In Libya, the UAE has backed Khalifa Haftar's Libyan National Army (LNA) with arms for over a decade, despite its commission of grave abuses and in violation of the arms embargo established by UN Security Council Resolution 1970. A March 28, 2022 report of the UN Independent Fact-Finding Mission on Libya found the LNA implicated in numerous violations and abuses of international human rights and humanitarian law since 2016, including attacks on civilians, extrajudicial killings, enforced disappearances, torture, and sexual violence.
Legal Obligations
International law and treaty obligations prohibit continued arms transfers to the UAE. The Genocide Convention, adopted by the UN General Assembly in 1948, obligates all States Parties under Article I to prevent genocide and prohibits in Article III(e) complicity in genocide. The Arms Trade Treaty binds its signatories not to defeat the treaty's purpose. The treaty requires states in Article VI to maintain a national arms control system, prohibits in Article 6 any transfer that would be used to commit genocide, crimes against humanity, war crimes, or that would violate a UN Security Council embargo, requires in Article 7 an assessment of the risk that arms will be used to commit serious violations before any export, and requires in Article 11 concrete measures to prevent diversion. The UAE's conduct breaches all four. The ATT has been signed by the UAE and ratified by most states exporting arms to the UAE, including France, China, Italy, and the UK. Arms transfers to the UAE also violate the UN Security Council arms embargo on Sudan's Darfur region, established by Resolution 1556 (2004), expanded by Resolution 1591 (2005), and renewed through Resolution 2791 (2025), which binds all UN member states under Article 25 of the UN Charter.
While the International Court of Justice dismissed Sudan's genocide case against the UAE, it did so purely on jurisdictional grounds, since the UAE attached a reservation to Article IX of the Genocide Convention when it joined in 1990, shielding itself from the Court's jurisdiction. The Court never examined the evidence, nor made any evidentiary ruling.
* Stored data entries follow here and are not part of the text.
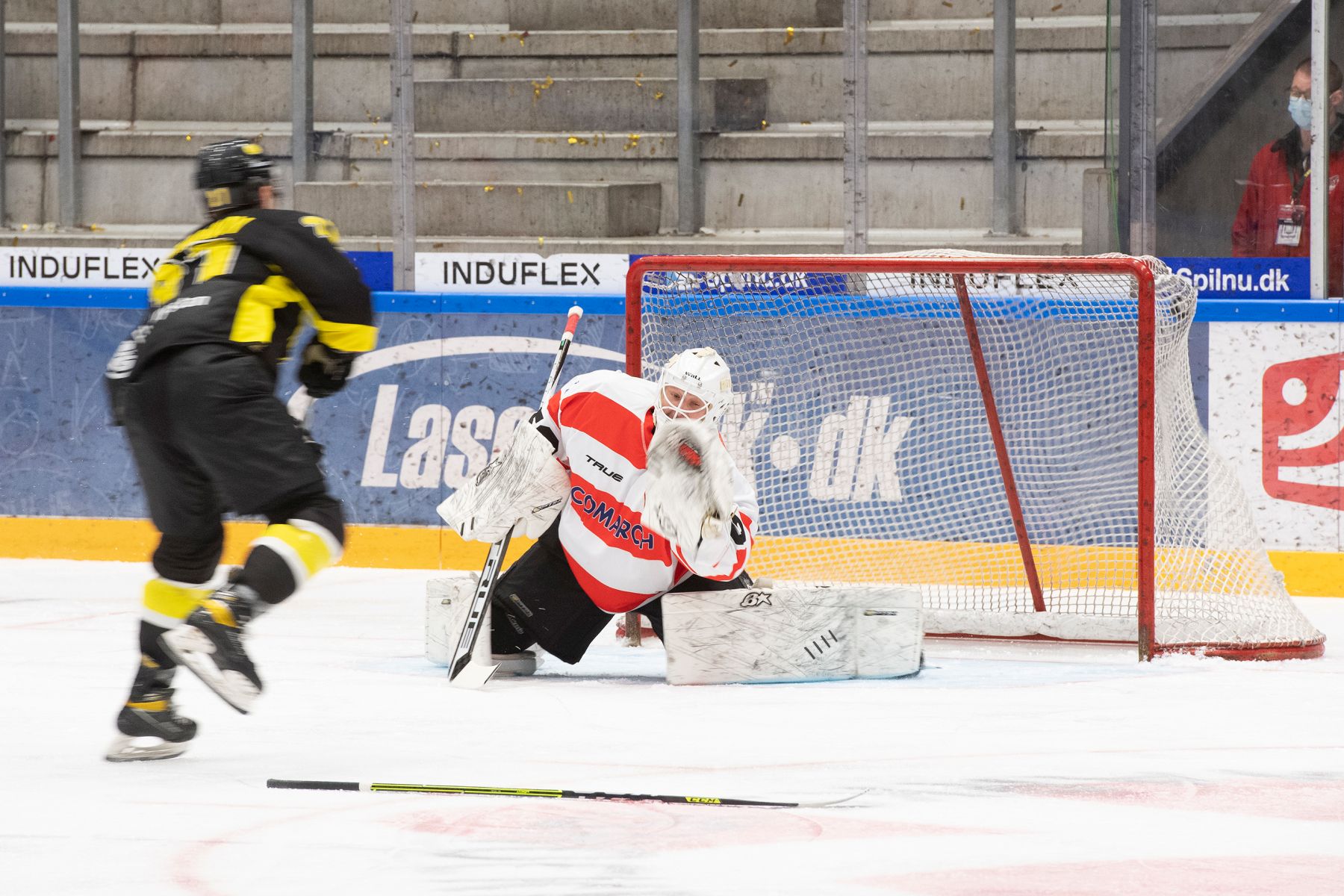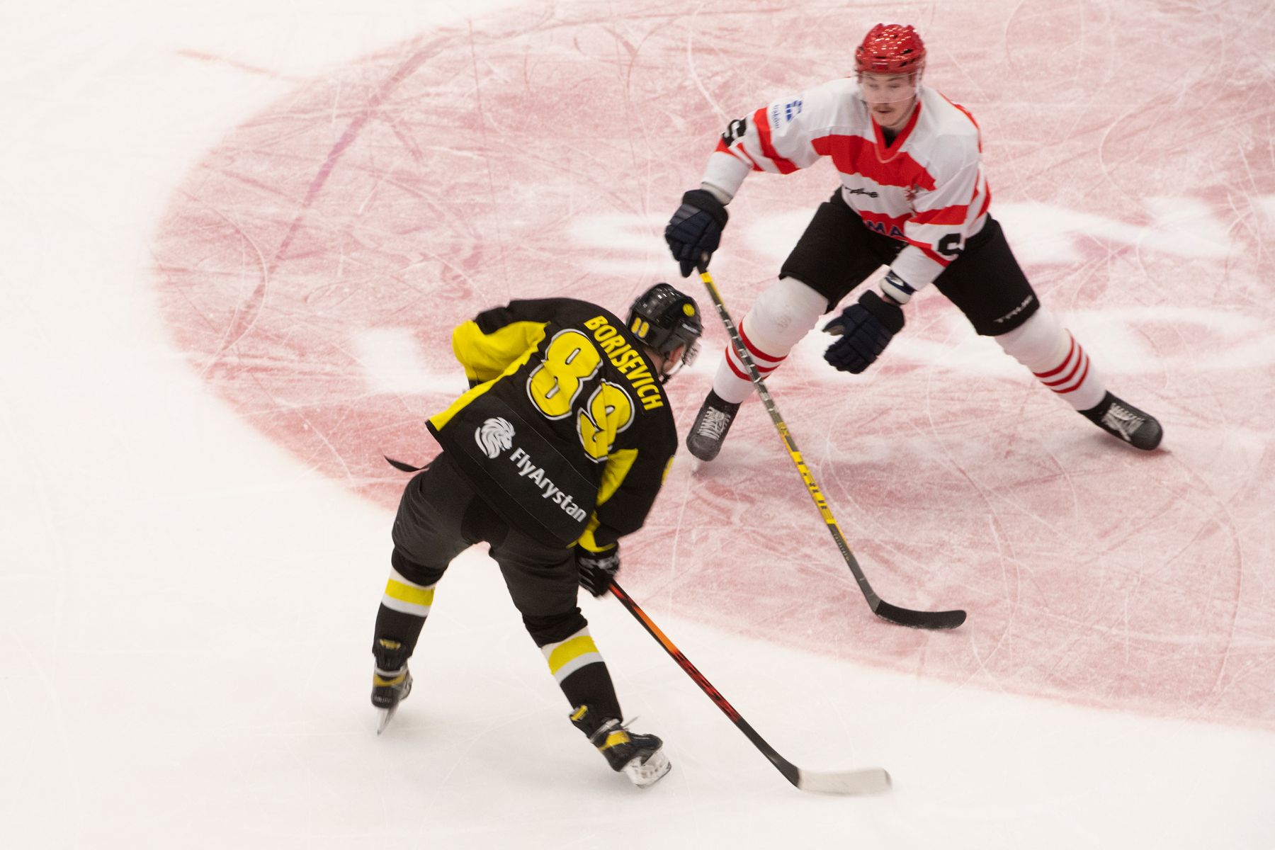 With 5:15 left and the teams playing 4-on-4, Cracovia Krakow even got the lead in a goal that was almost a copy of the first marker. Grigori Mishenko won a puck battle in the own zone and skated along the right side boards. In a 2-on-1 in the offensive zone he passed to Gula on the left who gave his team the lead.
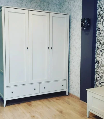 Шкаф 3х-дверный белый распашной из массива сосны ВРК787
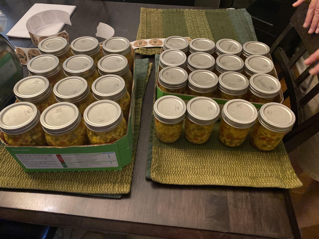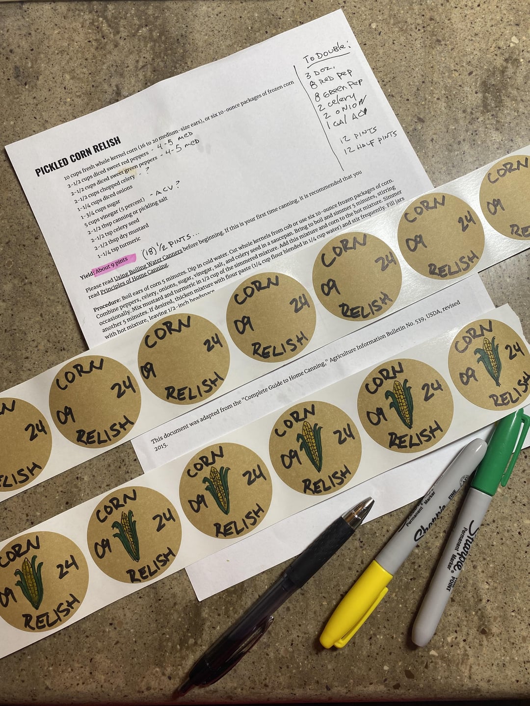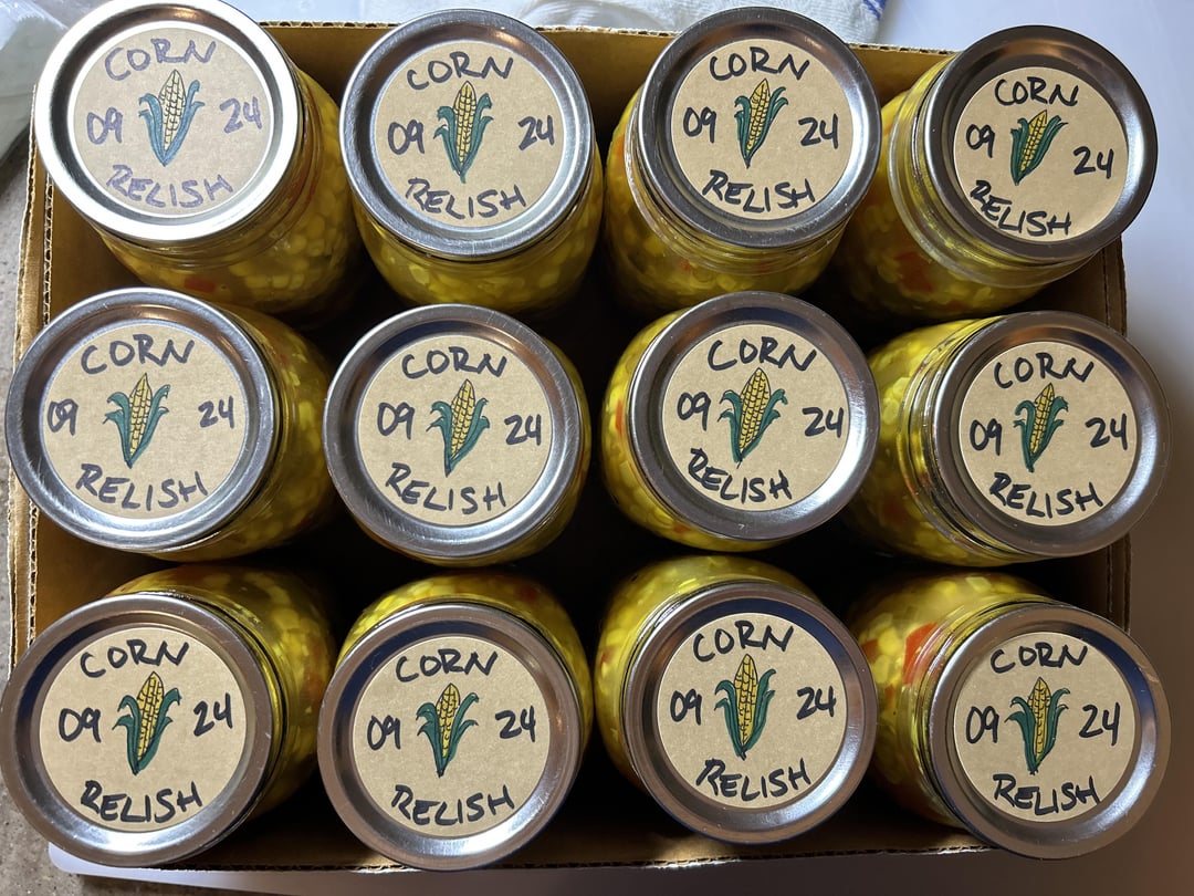 This is one of our favorite recipes to make with late-summer sweet corn. We doubled it and ended up with 12 pints and 16 ha’pints.
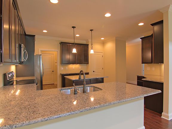 Stunning 3BR/3BA brick home. Master & 2nd BR on main. Soaring high ceilings. Large kitchen has granite, stainless steel appliances, backsplash, island with outlets and overhang for stools. The main level has been upgraded with beautiful hardwood throughout and tile in the baths Gas Fireplace. Beautiful sunroom w/tongue & groove ceilings and french doors. Crown molding enhances the living spaces on the main level. Large bedrooms each with attached bathroom. Upgraded walk-in tile shower with seat in master bath. Lots of storage. Additional finished space (Approx 13.5 x 7.5) for crafting/hobbies/storage upstairs. 2 car garage with insulated garage door and above storage. Security system. Located in private section of s/d. Neighborhood Pool and sidewalks!
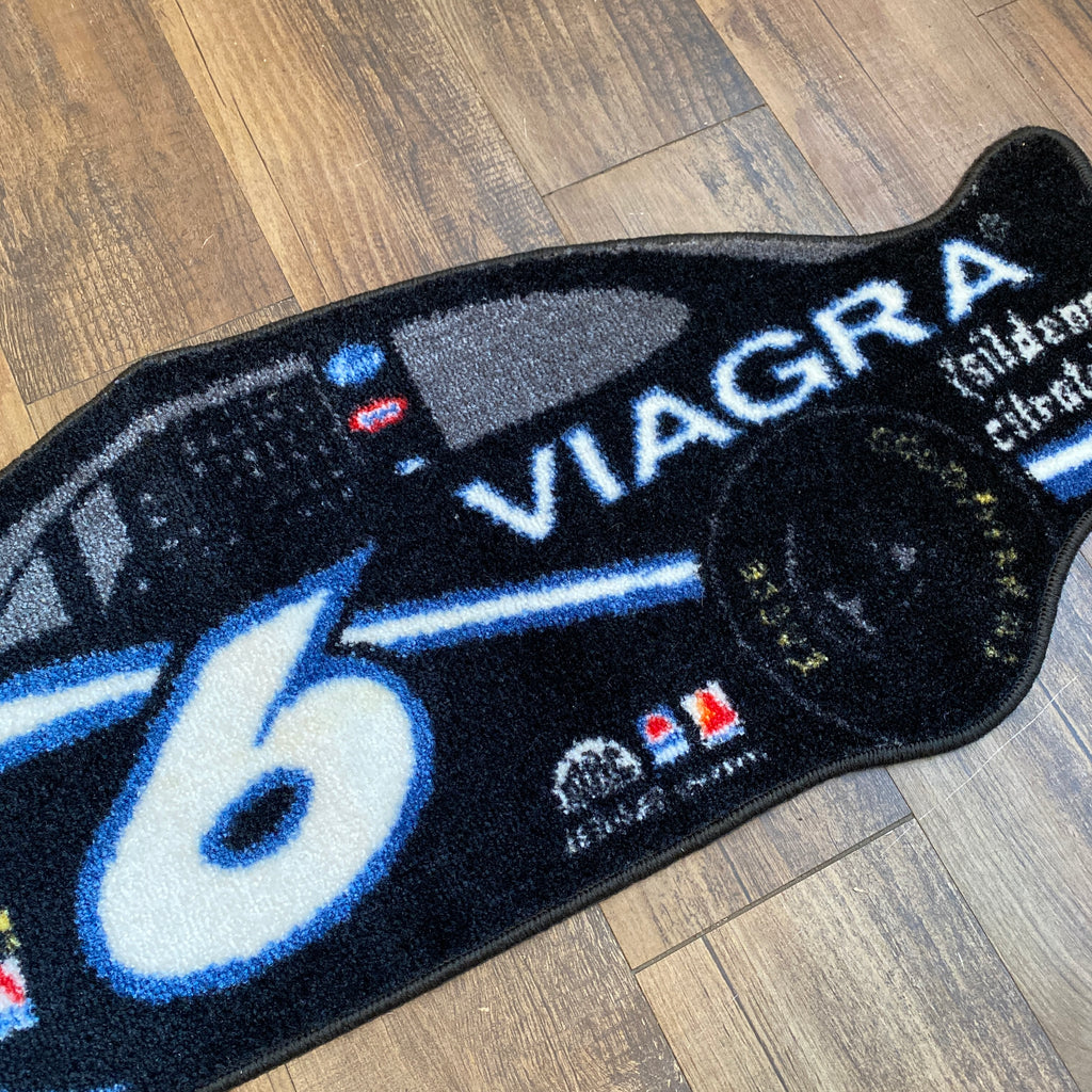 Awesome vintage NASCAR collectible rug shaped like Mark Martin’s iconic #6 Viagra Ford Taurus stock car. Features bold blue, white, and black graphics with detailed sponsor logos (3M, Goodyear, etc.) and the unmistakable “VIAGRA” livery across the side.

U.S. law also prohibits these transfers. The U.S. Arms Export Control Act requires recipients to agree not to retransfer U.S. weapons without prior consent, and Section 502B of the Foreign Assistance Act prohibits security assistance to any country that engages in a consistent pattern of gross violations of human rights. The Leahy Law (22 U.S.C. § 2378d) prohibits assistance to any unit of foreign security forces credibly implicated in such violations.
Nearly every state whose weapons reach the RSF through the UAE has its own laws against unauthorized re-export, and the UAE may be violating each one. The UK's Export Control Act 2002 bars exports that carry a clear risk of diversion to an undesirable end-user. France requires a certificat de non-réexportation that blocks any onward transfer without approval from Paris. Italy's Law 185/1990 prohibits arms exports to states at war or violating human rights, and Rome used it in 2021 to revoke missile and bomb licenses to the UAE itself. Germany's War Weapons Control Act ties every export to a binding end-use guarantee. China's Export Control Law restricts re-export and requires end-user certificates, which means the UAE's transfer of Chinese bombs and howitzers to the RSF breaks Chinese law too. Each supplier has the power, and the legal duty, to enforce its own rules and stop the flow of arms.
The General Assembly has the authority and the precedent to take meaningful action amid these ongoing abuses. Under the Uniting for Peace procedure (Resolution 377A(V), 1950), the Assembly may meet in an emergency special session when a permanent member's veto prevents the Security Council from acting. The Assembly has convened eleven such sessions, including on the Suez Crisis in 1956, the Middle East in 1967, Namibia in 1981, the Occupied Arab Territories in 1982, and the situation in the Occupied Palestinian Territory, which remains open since 1997. It convened its most recent emergency special session on Ukraine in 2022. Member states should request an emergency special session now to declare UAE conduct a violation of the UN Charter and to call on all states to halt arms transfers.
An emergency special session would not, by itself, impose a binding embargo. Only the Security Council can do that under Chapter VII of the Charter, and the U.S., as a permanent member, regularly shields Israel from such measures. A General Assembly resolution carries different weight. It can establish the facts on the record, name those responsible, and lay the foundation for measures by individual states and future accountability efforts.
State responsibility does not depend on UN action. Under customary law codified in the International Law Commission's Articles on State Responsibility and confirmed in the International Court of Justice's 2007 Bosnia v. Serbia case, all states have an independent legal obligation to halt arms transfers that risk facilitating genocide, regardless of whether the General Assembly acts.